熱海の家よりかは古びていなかった。虫もそこまでいなかった。寒いから虫も眠っているのだろう。
「もう、若干感じてたけど、お父さんいないね。」
そうだ。本題を忘れていた。確かに、人が暮らしていそうな空気は全くなかった。
「なんか調べていく?捜索ってやつ。」
うん、と頷く。ここまで来るのに時間もお金も費やしたのだから、何もせずに帰るのは勿体なさすぎる。
窓の周りを探っているときだった。
「なにあれ?」
窓の外に見覚えのない穴を見つけた。指を指して、如紀ちゃんと皐奈ちゃんに示す。外へ出て近くで見てみることにした。
絶妙な大きさだった。
「なんか掘り起こしたような穴じゃない?」
確かにそうだ。周りに土が盛り上がっている。スコップで掘り起こしたような斜面がある。
「この箱はなんだろう?」
穴の中心には、茶色いこじんまりとした箱が置かれていた。
「開けてみる?」
問いかけると、二人とも頷いた。恐る恐る開けてみたが、中は空っぽだった。ただ一つ、ゴミのような紙の切れ端があった。
「こんなの今までなかったのに。」
そう呟いた。
「やっぱり誰か来たんじゃない?」
皐奈ちゃんはその言葉の重みをわかっていないかのように、さらっと言った。
「やばい。怖すぎる。」
如紀ちゃんがブルブルと震えた。誰かがここに訪れたことはほぼ確実なのだろう。しかし、一体誰が何のために?疑問だらけだ。

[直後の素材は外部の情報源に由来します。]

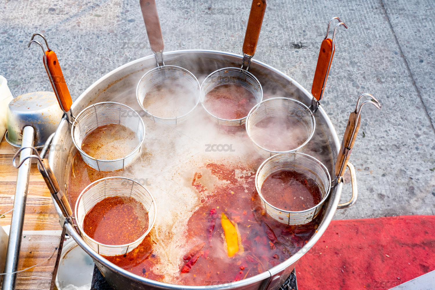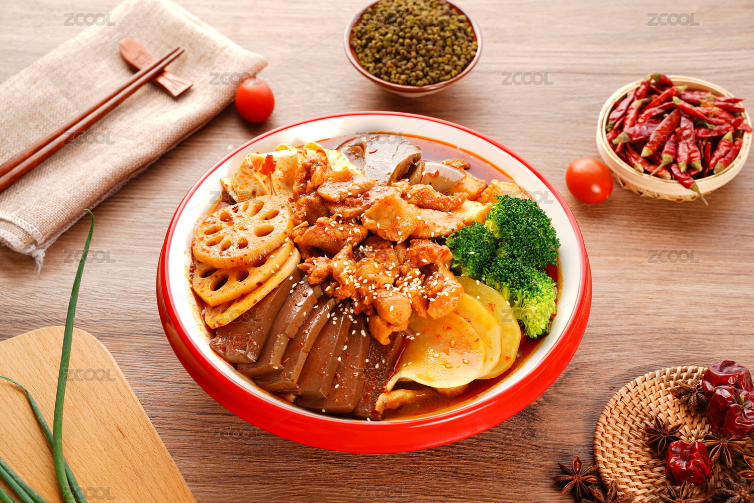 木紋背景麻辣燙菜品

「とりあえず写真撮っておこう。これも黙っといた方がいいね。」
スマホを取り出して、写真を撮った。スマホを通して見えた穴はさらに不気味に見えた。ついでに先程のタイヤの跡も撮っておいた。
「箱は一応持ち帰るか。」
二人は首を縦に動かした。
「私たちが解決できるような問題じゃないと思うから、心に留めておこう。」
皐奈ちゃんが、如紀ちゃんを励ますように言った。そして、再び、家の捜索が始まった。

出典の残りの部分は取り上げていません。